Untrustworthy External Data

Call it what you will, but a time will eventually come when your customer asks for ‘manually created’ data loaded into the Data Warehouse (DW) from a non-trustworthy source. When they see the look on you face they may feel you are being fussy, after all, they’ve got a spread sheet of monthly figures that gets reported to the board. So it it’s good enough for the board, it should be good enough for the Business Intelligence (BI) team!
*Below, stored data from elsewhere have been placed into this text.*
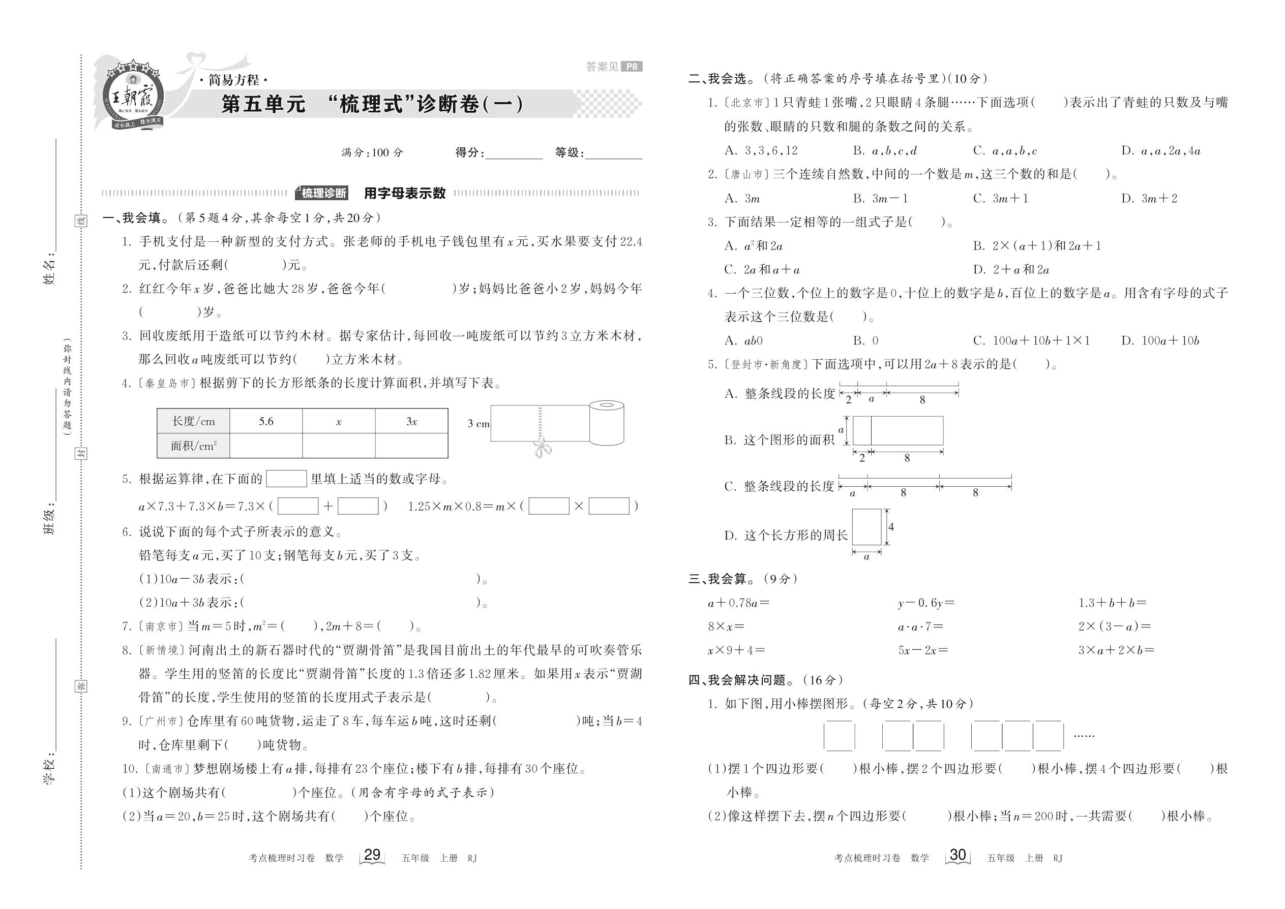 2023上册五年级数学人教版 第五单元 “梳理式”诊断卷(一)
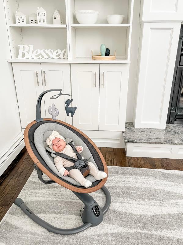 We absolutely love this swing. It's so beautiful to look at and looks great in our home! Our newborn loves to relax in here. The automatic swinging movement when he begins to fuss is so handy when I'm busy around the house!
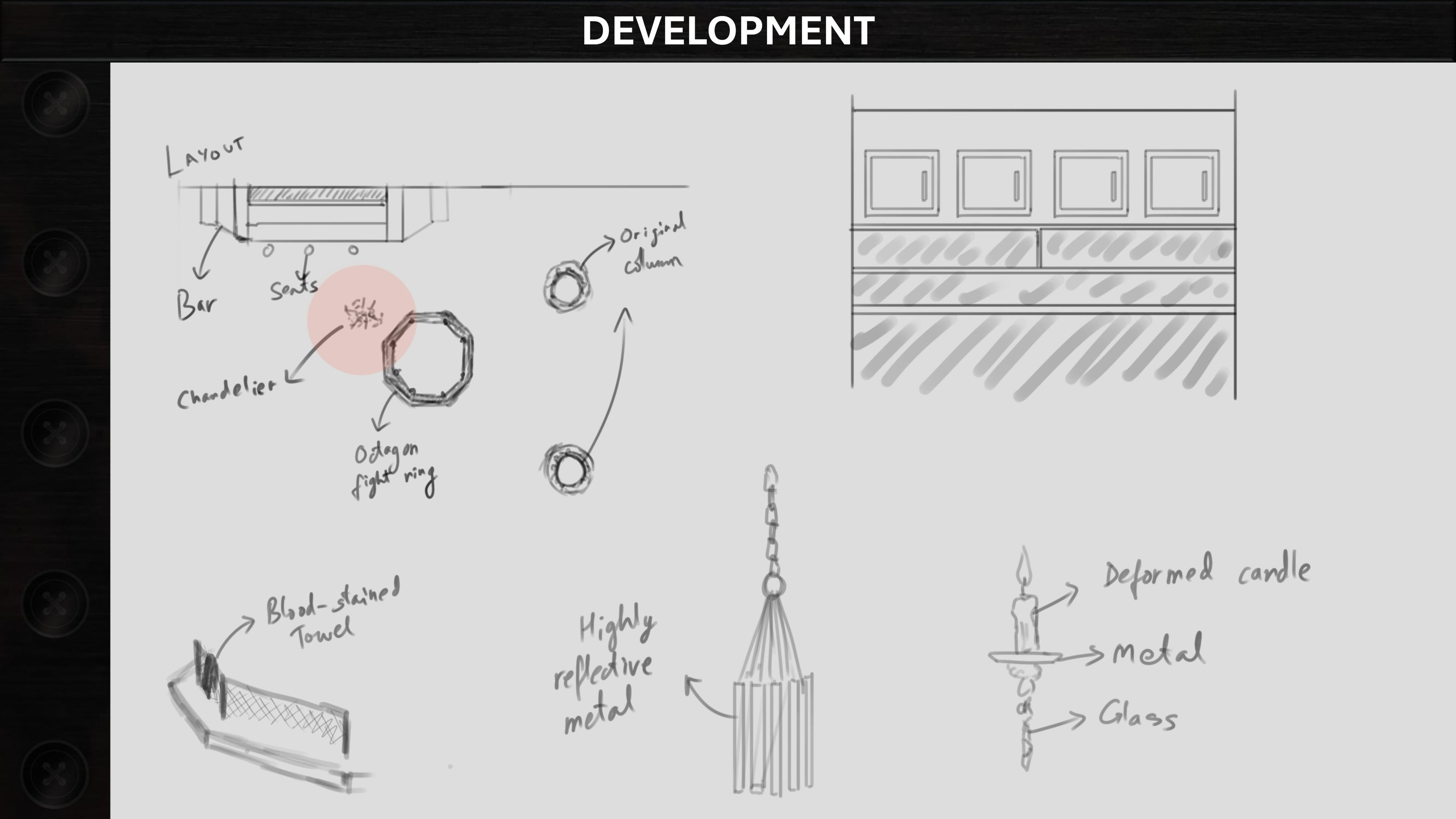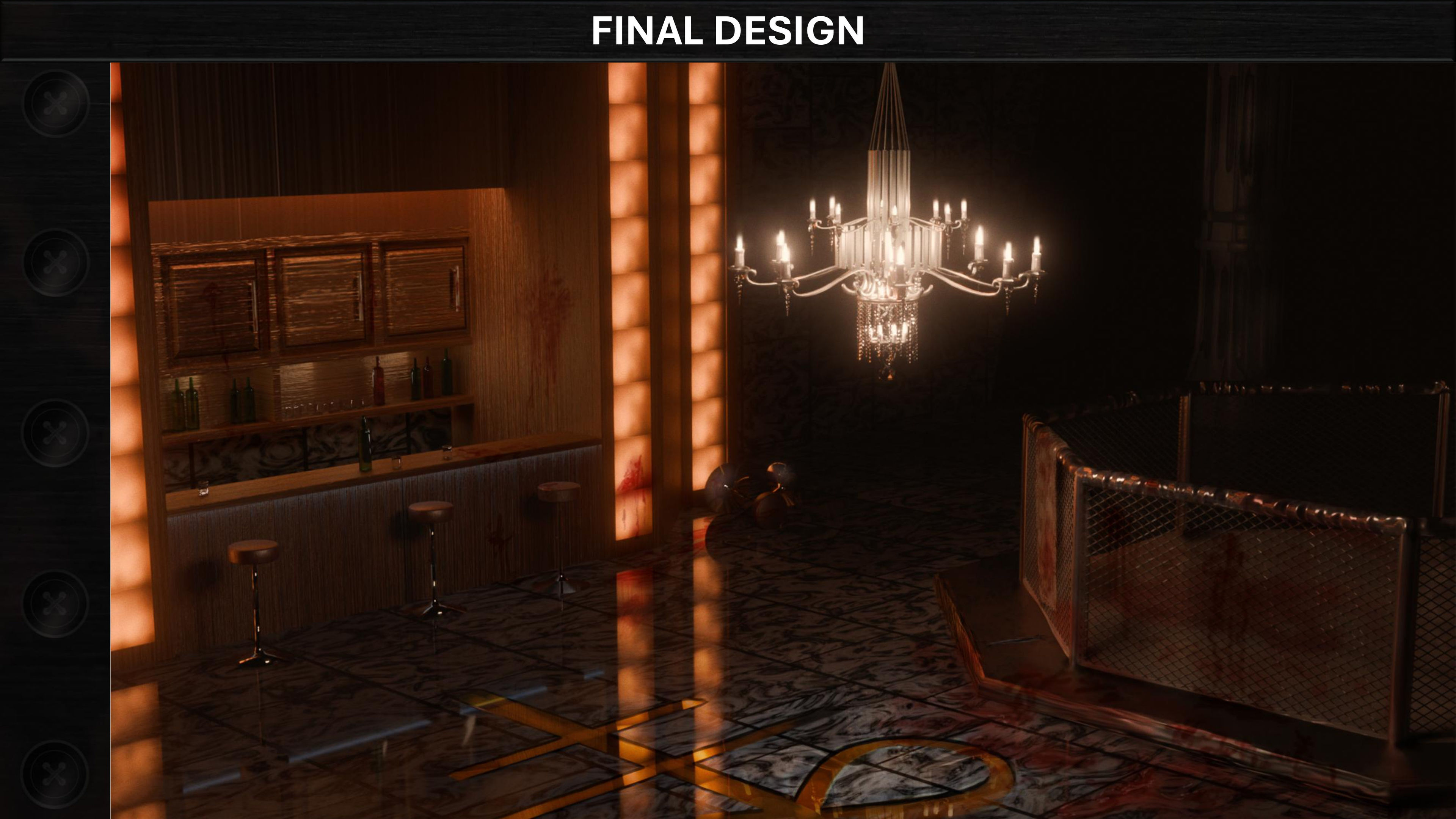 Interior and Exterior designs for a cathedral repurposed into a criminal hideout in a city sinning of Greed.
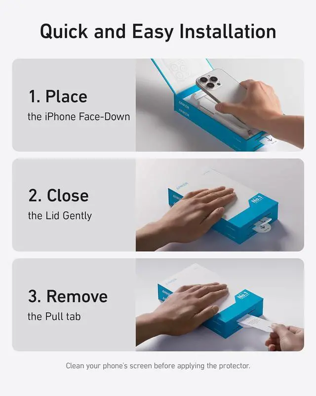 Flash: No more installation headaches. This screen protector seamlessly attaches in a few quick steps for a perfect fit.
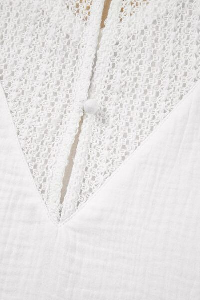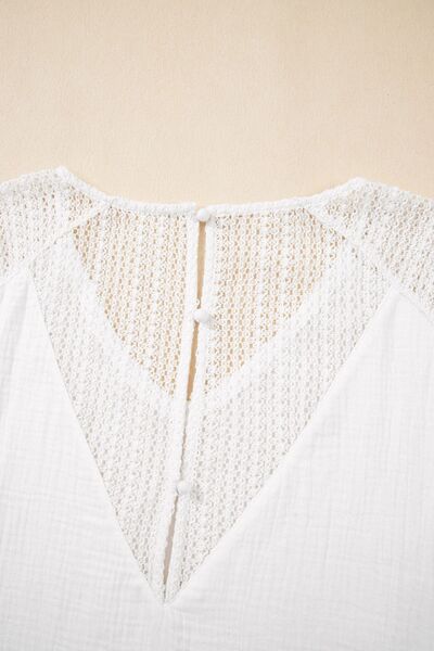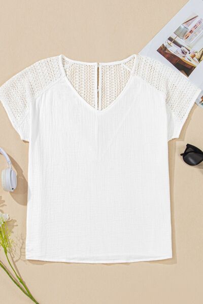Lace Crochet Textured Button Back V Neck T Shirt
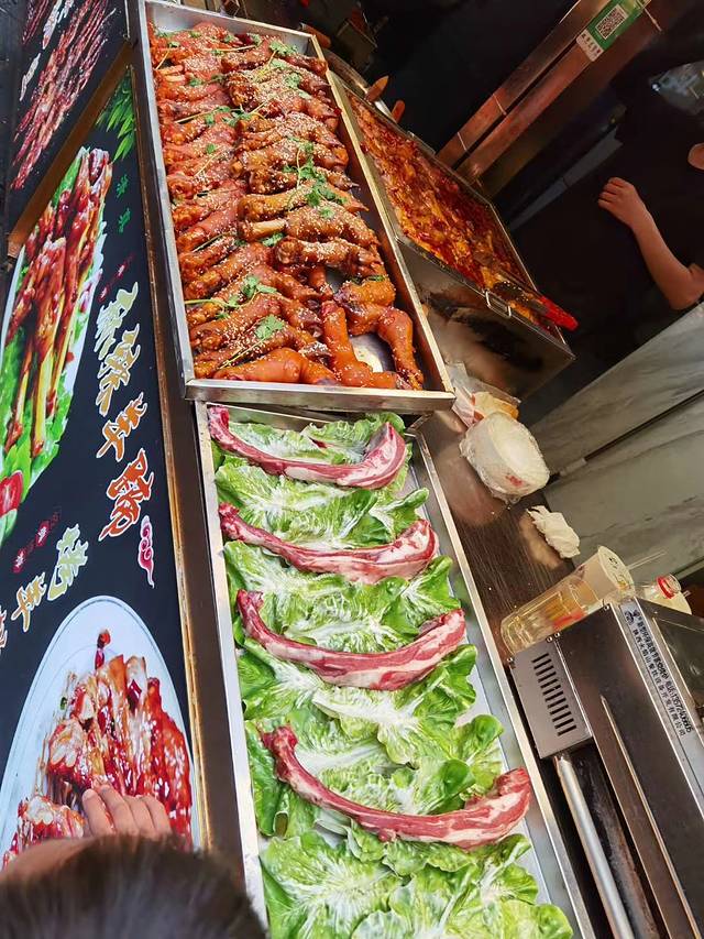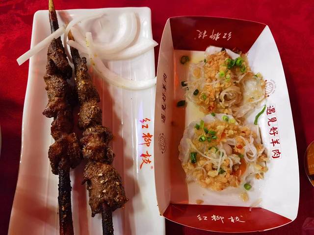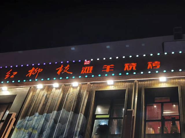 我们是订了明天一早的飞机去重庆,今天晚上是在银川的最后一晚,当然想再尝尝当地的美食。与我们同车的一位游客说他昨天去了一家名叫“红柳枝滩羊烧烤”的店味道很好,很火爆,是银川最多人吃的烧烤。说得我们都心动了,心想过了这个村就没有这个店了,于是便让司机送我们到那里。

So I guess this throws a few questions:

Examples of Manual Data

Firstly, here are a few typical examples of manually created data that often finds its way into the DW:

  • Mapping data to consolidate disparate but equivalent records
  • Grouping values to extend/create a hierarchy that doesn’t exist natively
  • Monthly budgets, annual forecasts and sales targets.

Challenges

There are many, these are a few:

  • The business users who are expected to create the manual data are not trained in the process, and what the consequences of making a change are.
  • The data changes made by a business user are not tagged with appropriate metadata so that they can be audited. Remember, ‘with great power comes great responsibility’, if you are going to let users create data, make sure that you can clearly identify where the business user has done so.
  • It is not always possible to rollback data changes made by a user. What happens if it all goes badly?
  • The manual data can exist outside of normal Information Management (IM) processes within the organisation. It could be residing on a share drive in a Excel format with questionable data quality, poorly managed security and unclear ownership/stewardship.
  • User can change that data without consideration of the impact on the data integration process in place (e.g. a nightly load, month end report cycle, etc.).
  • The manual data can be captured in an ‘unprotected’ Excel/CSV document which does not prevent a business user from making changes that will break the integration. These include:
    • Changing column names
    • Adding or removing columns
    • Adding ‘bad’ data
    • Changing the file name
  • A custom, data capture user interface (UI) is built by a BI resource who is not experienced in doing this. An experienced UI developer should be used who will deliver an intuitive interface that handles maintenance of a single record, bulk maintenance of many records, validation, error handling, filtering, sorting, transactions, etc.

Solutions

The following are a few of the data sources that you may be ‘encouraged’ to use, or wish to propose as options:

  • SharePoint lists
  • Custom Web Page (aspx or similar)
  • Cube with a ‘write-back’ feature
  • Budgeting and forecasting solution
  • Master Data Management solution (MDS or similar)
  • Data capture forms:
    • MS Access
    • Oracle Forms
    • Outlook Forms
  • Etc.

They not sorted in any particular of preference and if implemented correctly can all avoid the challenges above providing they are implemented with the necessary:

  • Documentation
  • Training
  • Change management

I have excluded the use of Excel. This is due to the difficulty in locking the Excel down. It is too easy for users to remove passwords make changes that result in the integration failing.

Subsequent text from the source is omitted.